Gli anniversari sono sempre delle armi a doppio taglio. Sono appigli sicuri intorno ai quali costruire le programmazioni, occasioni per pianificare monografie, convegni, riflessioni, spesso per scoprire materiale raro o proporre nuove chiavi di lettura. Sono anche passaggi obbligati ricchi di insidie, oltre che a rischio di saturazione e ripetitività, alla tentazione di adagiarsi in una programmazione celebrativa senza lo sforzo di una proposta più ricercata e stimolante.

Wagner e Verdi compartecipano in egual misura di pericoli e opportunità: autori così noti, eseguiti, celebrati per i quali è difficile dire qualcosa di nuovo ed è facile in ogni caso far cassetta; autori così geniali e complessi da costituire a ogni lettura una riscoperta.
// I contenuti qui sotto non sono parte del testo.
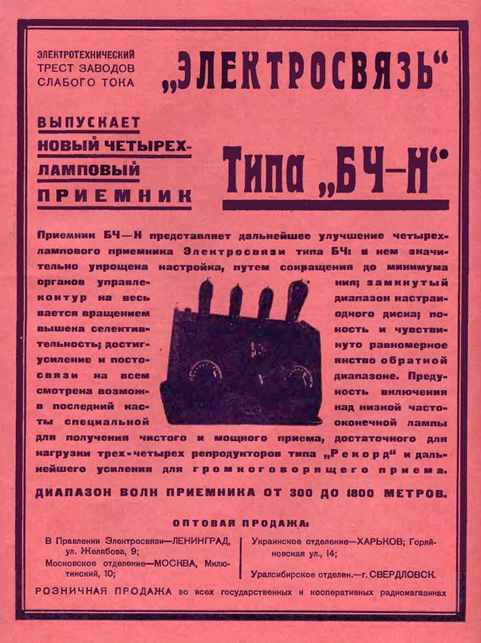 Радиоприёмник батарейный *БЧ-Н* с 1928 года выпускал Трест Заводов Слабого Тока, а конкретно Московский завод Мосэлектрик и Ленинградский завод имени Козицкого. *БЧ-Н* - более усовершенствованный тип радиоприёмника **БЧ**. Наименование **БЧ-Н**, расшифровывается как Борусевича Четырёхламповый, Настольный. Ещё радиоприёмник именовался как *ПЛ-4*. Четырехламповый регенеративный приёмник *БЧ-Н* собран по схеме 1-V-2. Сонтирован в ящике в виде изящного деревянного пульта. Диапазон волн 300...1850 метров. Плавная настройка антенного контура приёмника производится при помощи вариометра и настройка скачками - путем включения при помощи штепселя различных конденсаторов постоянной емкости. Настройка междулампового контура производится при помощи установленных на одной оси вариометра и конденсатора переменной емкости, перекрывающих весь диапазон при повороте на 180°. Обратная связь задается при помощи вариометра связи. Для включения повышенного анодного напряжения и сеточной батареи выведены специальные клеммы. В остальном приёмникподобен приёмнику БЧ, но более прост в управлении. При применении в последнем каскаде специальной лампы с повышенным до 160 вольт анодным напряжением, от приёмника можно нагрузить 2 или 3 громковорителя типа *Рекорд*. Цена радиоприёмника 36 рублей 23 копейки. С начала выпуска заводом *Мосэлектрик* приёмник именовался как *ПЛ-4*. С середины года приёмник был переименован в *БЧ-Н*.
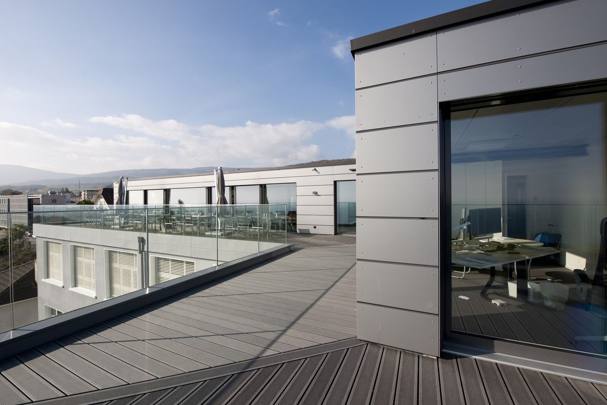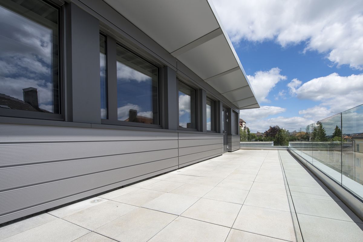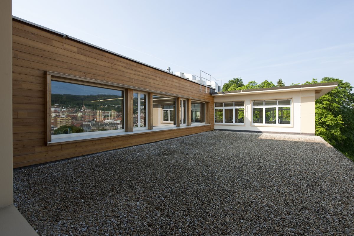 Surélévation du bâtiment en attique et de la cage d’escalier avec capteurs solaires photovoltaïques en toiture
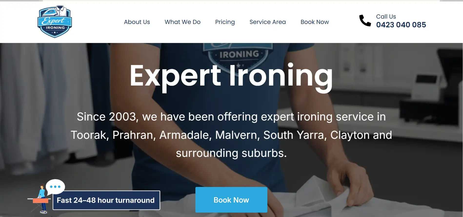 Professional website for a laundry and ironing services business in Australia. Designed to generate more customer inquiries and bookings.
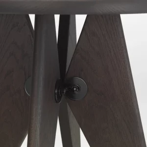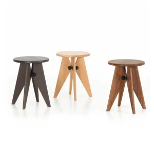 Chaque création édité par Vitra témoigne de l’approche ingénieuse de Prouvé : la chaise Standard (1934), par exemple, présente une structure où les pieds antérieurs sont en tubulaire d’acier tandis que les pieds postérieurs sont en tôles presse-pliées, assurant ainsi un meilleur support du poids. Le Tabouret Solvay (1941) met en valeur les éléments structurels et portants, avec quatre pieds visibles soutenus par un élément central en acier. Quant à la lampe Potence (1950), elle offre une forme simple et essentielle, conçue spécialement pour la « Maison Tropicale« , un prototype de bâtiment préfabriqué destiné aux colonies françaises.
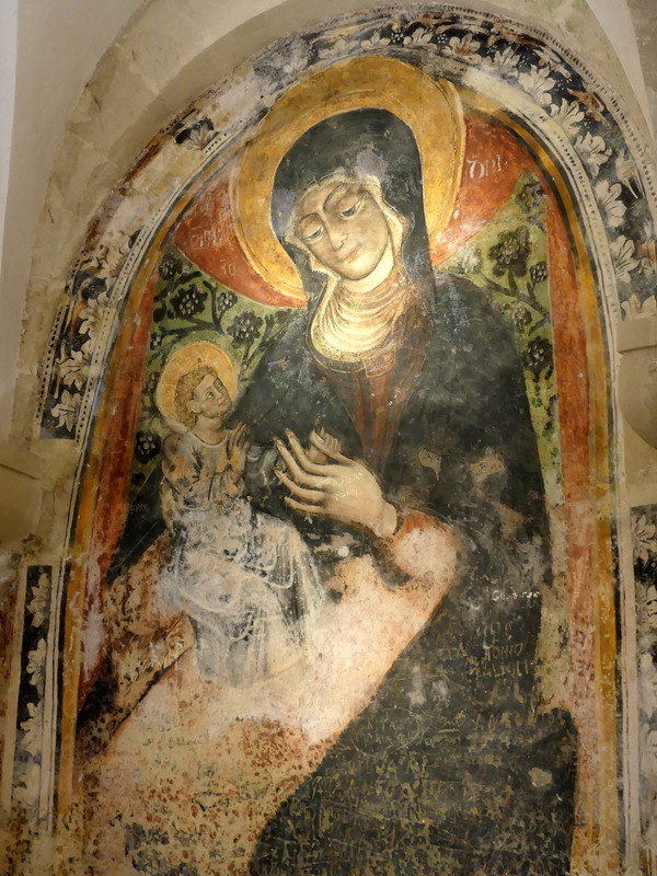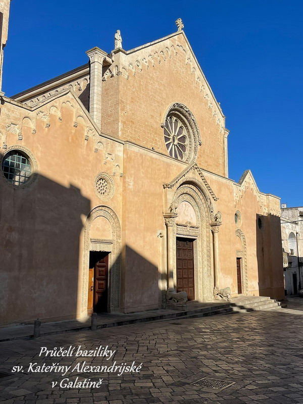 Při zpáteční cestě z Leucy do našeho ubytování jsme se vraceli skrze vnitrozemí, protože jsme měli v úmyslu zastavit se ještě ve městečku Galatina a prohlédnout si zdejší románskou katedrálu Santa Caterina d´Alessandria, jejíž zdi zdobí krásné fresky ze 14. století. Galatina přitom není sama o sobě nijak zvlášť výjimečným městečkem, ale zdejší katedrála je opravdu velmi pěkná. V jejích prostorách se nachází i malinké muzeum, které ukrývá předmět mimořádně silně duchovně vyzařující. Jedná se o mozaikovou ikonu Krista vytvořenou mikroskopickými kamínky, což je už samo o sobě mistrovské dílo. Navíc ovšem ikona, byť ukrytá pod bezpečnostním sklem, vyzařuje velmi silnou energii, léčivou a harmonizující. Ikona byla přivezena z Konstantinopole ještě před jejím dobytím Turky a mně osobně jenom potvrzuje můj dojem z našich cest, že východní křesťanské církve v sobě ukotvují duchovně silnější pramen původního Evangelia. Pro mne byl pohled na tuto ikonu tím nejsilnějším duchovním zážitkem, který jsem si z cesty po Apulii domů přivezla.
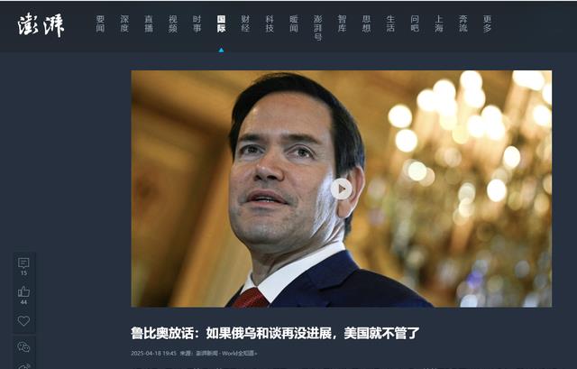 《鲁比奥放话:如果俄乌和谈再没进展,美国就不管了》——澎湃新闻
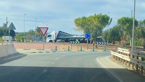 Las fuertes rachas de viento han provocado el vuelco de un tráiler en la rotonda de acceso de la Institución Ferial Alicantina (IFA) sin que haya habido que lamentar víctimas. El accidente ha tenido lugar este viernes, al mediodía, cuando las ráfagas de viento han comenzado a soplar con fuerza, con una velocidad en torno a los 80 kilómetros por hora.
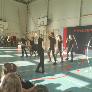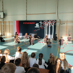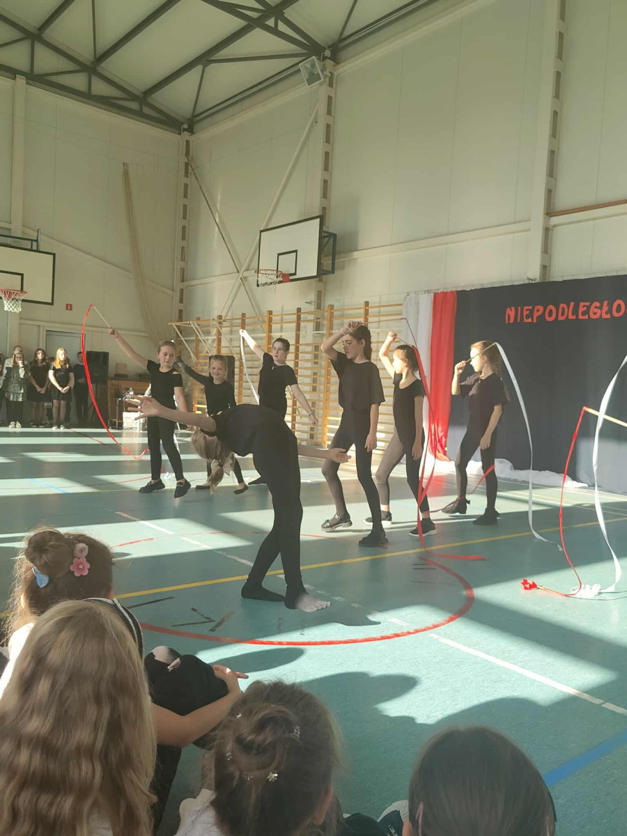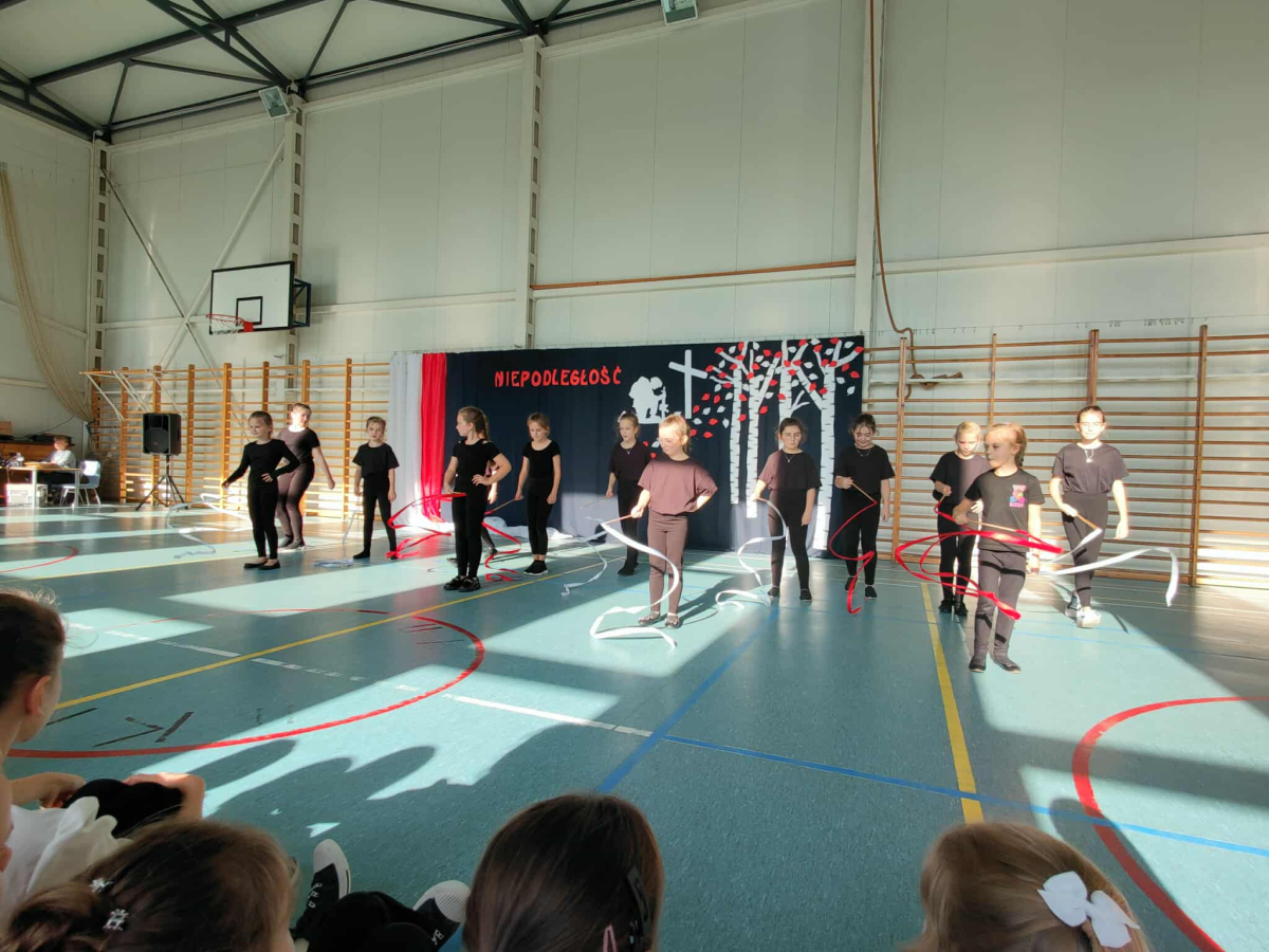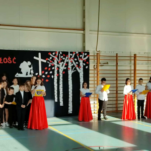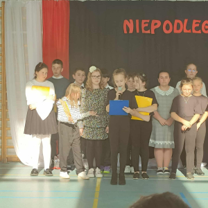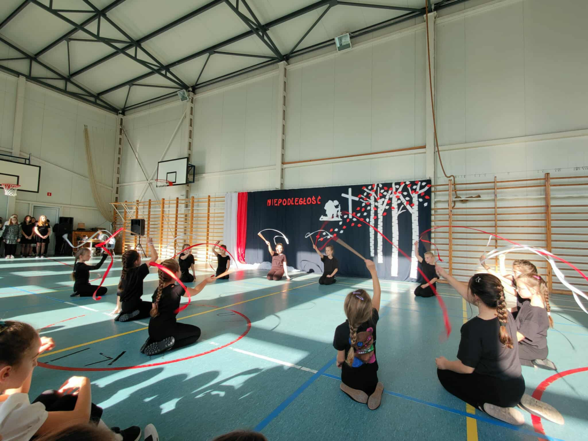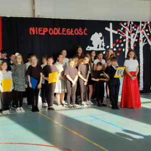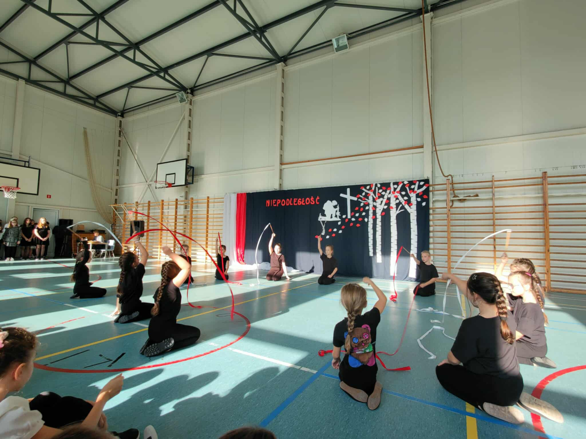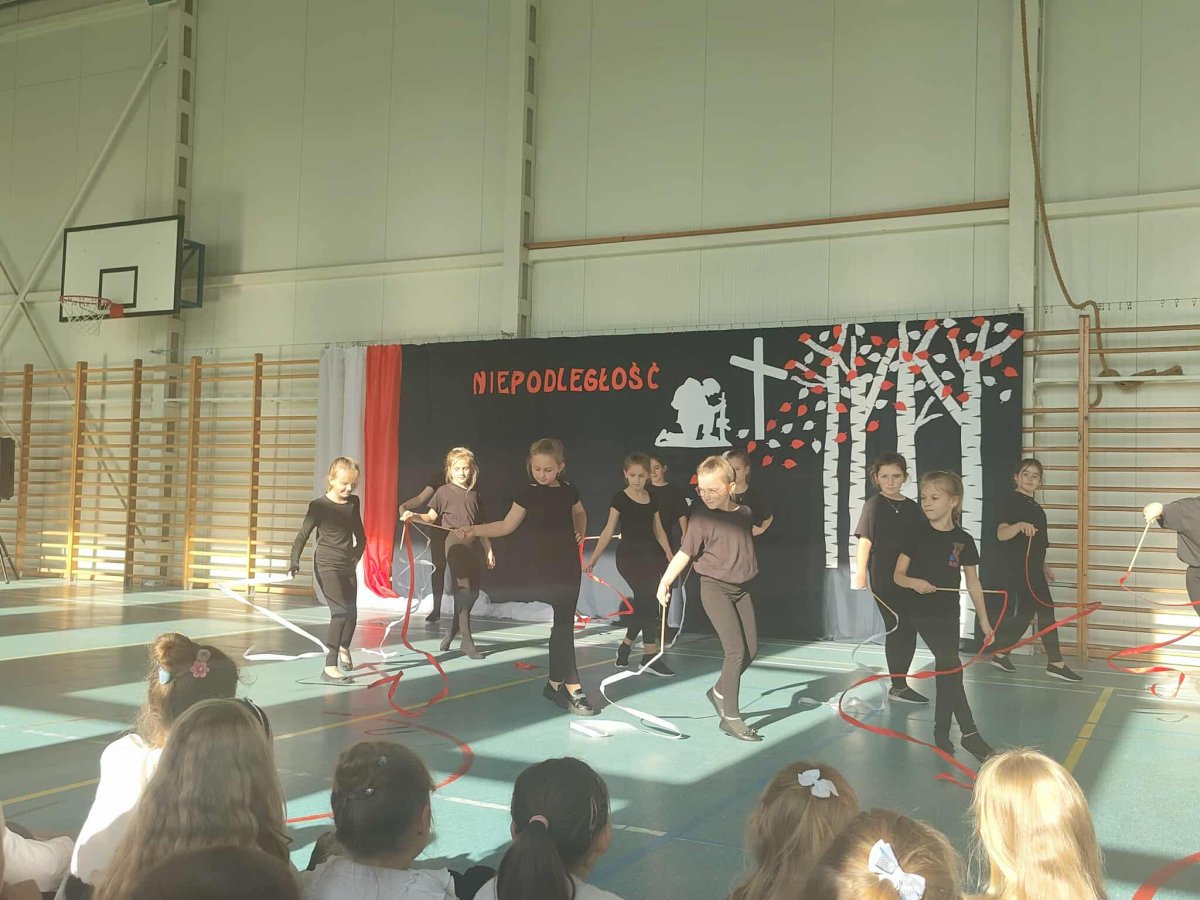 Podczas wydarzenia uczniowie klasy szóstej zaprezentowali montaż słowno-muzyczny, przypominając najważniejsze momenty z historii Polski oraz znaczenie wolności i patriotyzmu w życiu każdego z nas.
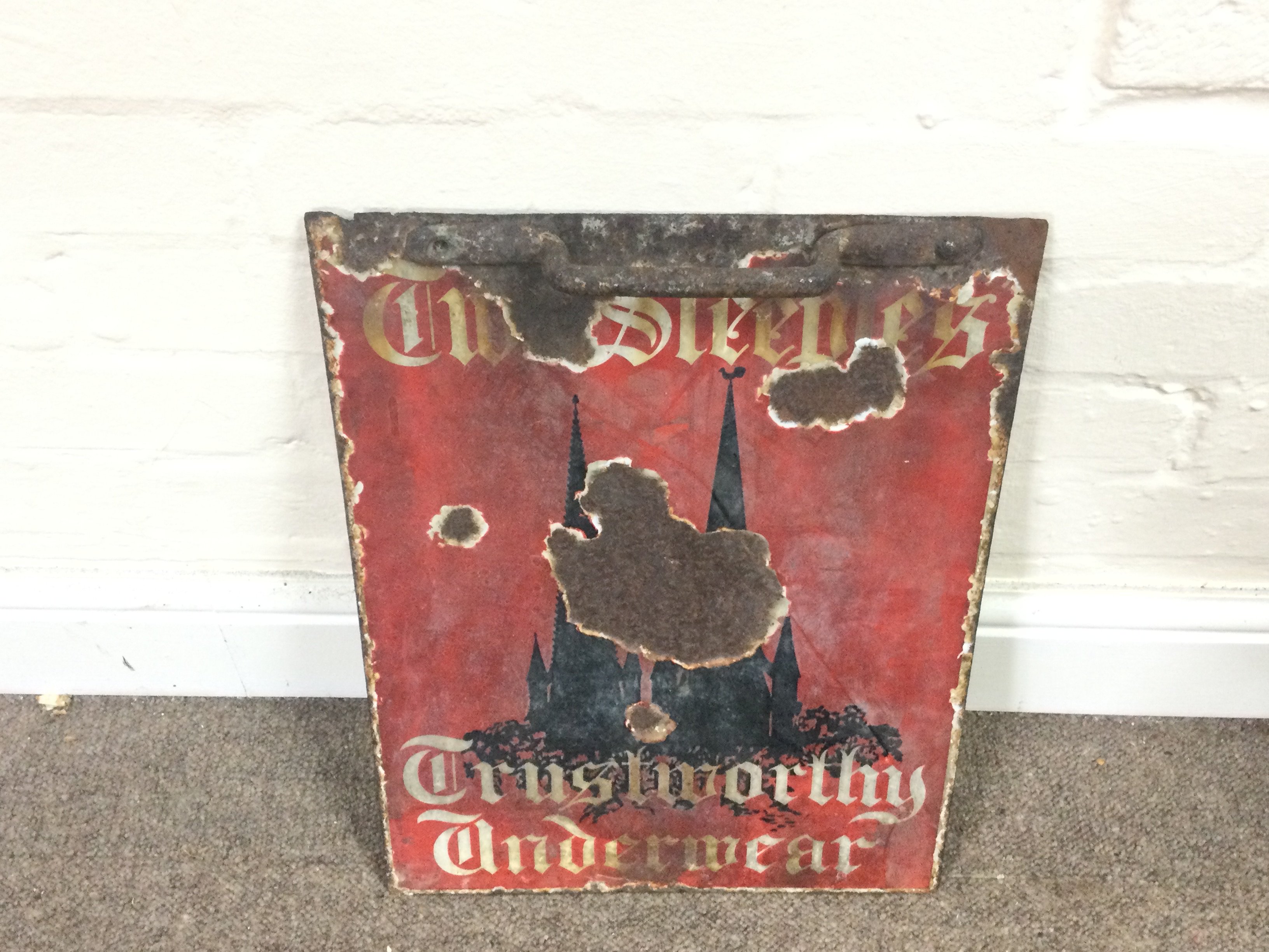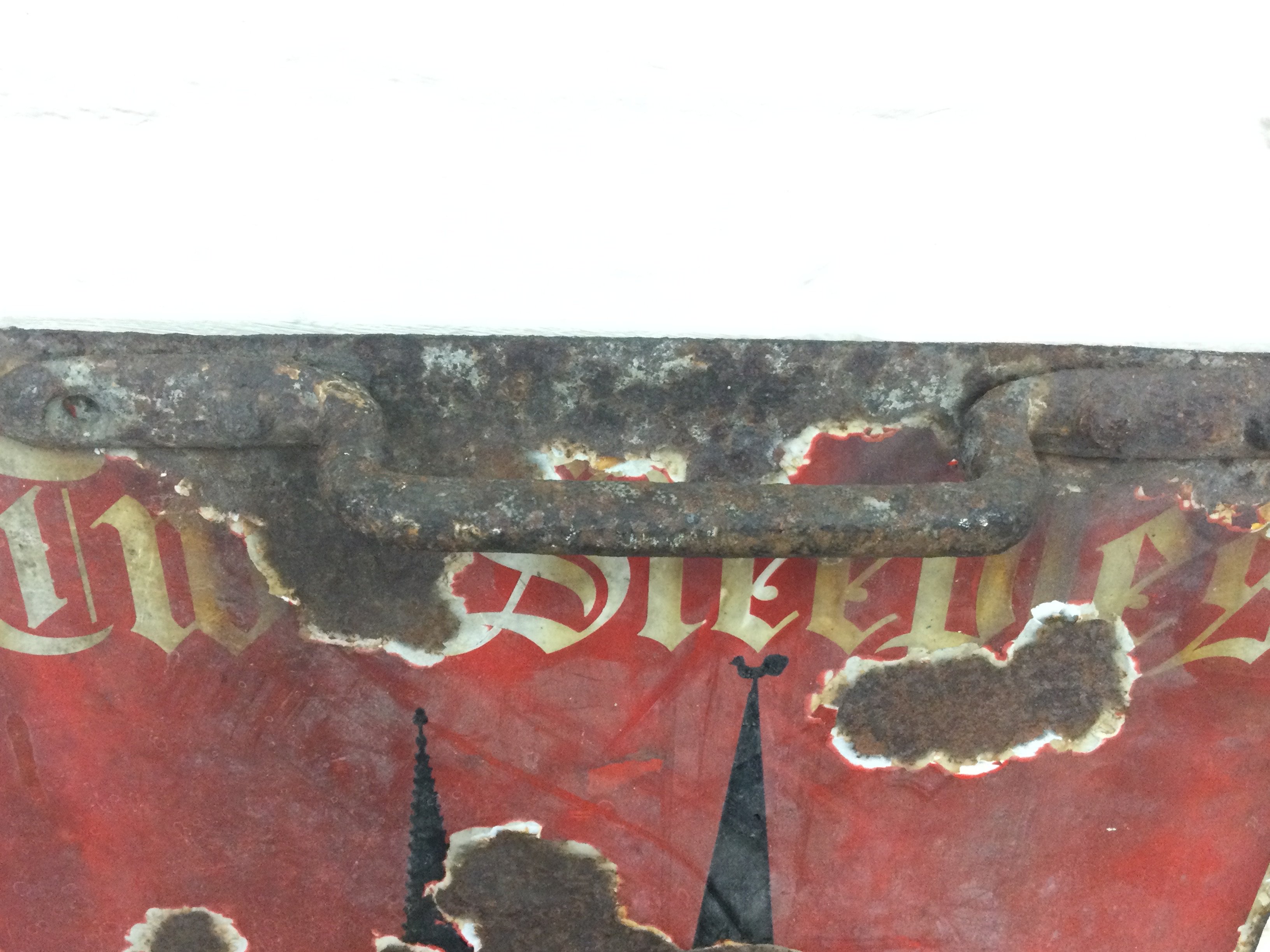 TWO STEEPLES VINTAGE ENAMEL SIGN DOUBLE SIDED WITH HANDLE. 13 x 17 inches
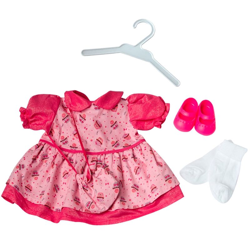 KIT CONTÉM: 01 VESTIDO SAIA DUPLA COM BRILHO NA SAIA, MANGA E GOLA, 01 BOLSINHA, 01 MEIA SOQUETE BRANCA, 01 PAR DE SAPATILHAS SOLA 07CM PINK E 01 CABIDE
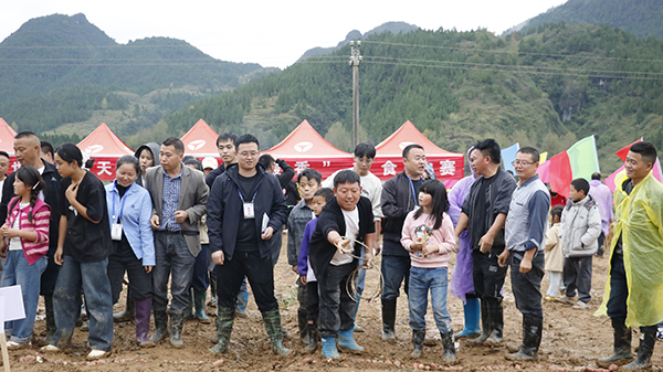 与此同时,“薯书比拼”赛道上的创意角逐同样引人注目。各参赛队以形态各异的红薯为“笔墨”,在田埂上精心拼写出“只要不躺平,薯都能翻身”的励志标语,质朴的食材与巧妙的构思相结合,引来观众阵阵喝彩。而“出圈有薯”套圈比赛则充满了轻松趣味,圆滚滚的红薯成为目标,选手们精准投掷,欢声笑语此起彼伏。

Autori che, per il solo fatto di essere stati i drammaturghi musicali più rappresentativi, rappresentati e influenti delle rispettive tradizioni nazionali, son divenuti vessilli di ataviche rivalità e inesorati dualismi, frutto e della faziosità umana e di una tensione – non priva di sporadici e controversi momenti di attrazione – storica, politica e culturale che affonda le radici almeno nelle campagne teutoniche di Caio Mario. Inevitabile, dunque, che il confronto dialettico generato dalla celebrazione congiunta avesse come corollario anche le stantìe polemiche fra i partigiani dell'uno e dell'altro. Lasciamole da parte, ché l'esser registrate per cronaca è già concedere loro fin troppo spazio rispetto alla riflessione costruttiva su queste due esperienze parallele, percorse da divergenze e convergenze continue.

Anno verdiano e wagneriano, dunque, nel quale il tedesco soprattutto è stato proposto a rischio di ripetitività, vuoi per un catalogo più ridotto rispetto all'italiano, vuoi per l'estensione e l'impegno produttivo che il wor-ton-drama in molti casi imporrebbe a istituzioni dai mezzi non proprio lussureggianti. In sede concertistica abbiamo visto un fiorire perfino stucchevole di Idilli di Sigfrido – pagina di puro intrattenimento privato vagamente appesantita dalla successiva orchestrazione sinfonica, ma pur sempre interessante per la prima esposizione di temi resi ben più noti in futuro – e di Wesendonck-Lieder, con i quali ogni cantante con a disposizione una sala e un pianista pare si sia sentito in dovere di omaggiare l'illustre bicentenario, anche – va detto – con esiti rilevanti, come quelli di Anna Caterina Antonacci.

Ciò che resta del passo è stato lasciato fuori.